Двое нукеров скрестили копья.
— Нас останавливают? — спросил Дмитрий.
— Нам надо смотреть, — ответил Сарыхожа.
Посреди круга горел костёр. Пламя сухих дров было почти не видно на ярком солнечном свету. Пахло дымом.
На круг вывели связанных .мужчину и женщину, похоже было, что только и ждали московского князя. За ними шёл громадный нукер с саблей в руке.

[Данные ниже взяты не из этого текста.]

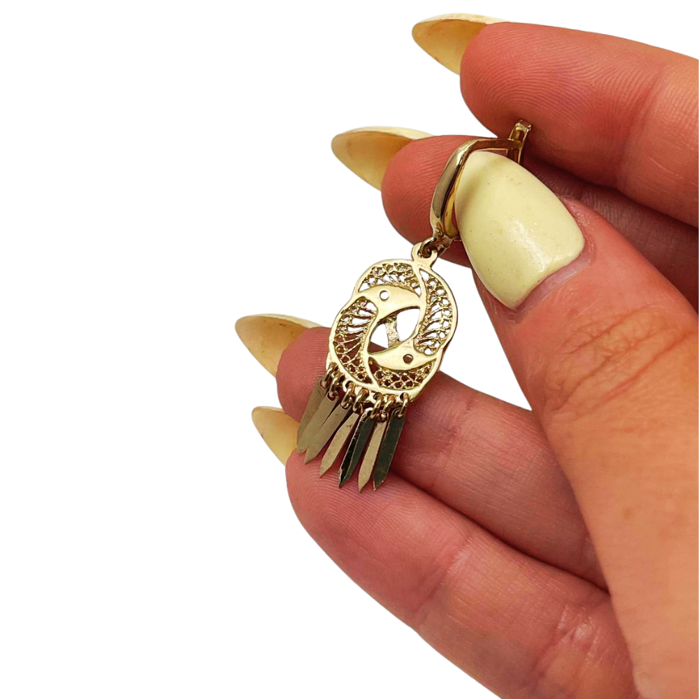 14K Gold Filigree Yin Yang Fringe Earrings

— Темир! Темир! — раздались голоса.
Дмитрий вопросительно глянул на Сарыхожу — что тут творится? Тот понял по-своему и ответил:
— Темир — первый батырь Орды!
Первый богатырь Орды схватил связанного татарина за волосы, принагнул и отрубил ему голову. Голова осталась у него в ручище, а тело вывернулось и упало на выбитую ногами сухую землю. Руки мертвеца дважды царапнули землю, плечи вздрагивали, замирая, а кровь била из середины страшного среза и разливалась по земле широко, как по столу, неровно, растекаясь меж трещинами в земле.
Дмитрий закусил губу и смотрел.
— Кам сказал: он виновник суховея! Он взял в жёны дочь гор, христианку, и ходил к вашему попу есть вашего бога Христа с ложки!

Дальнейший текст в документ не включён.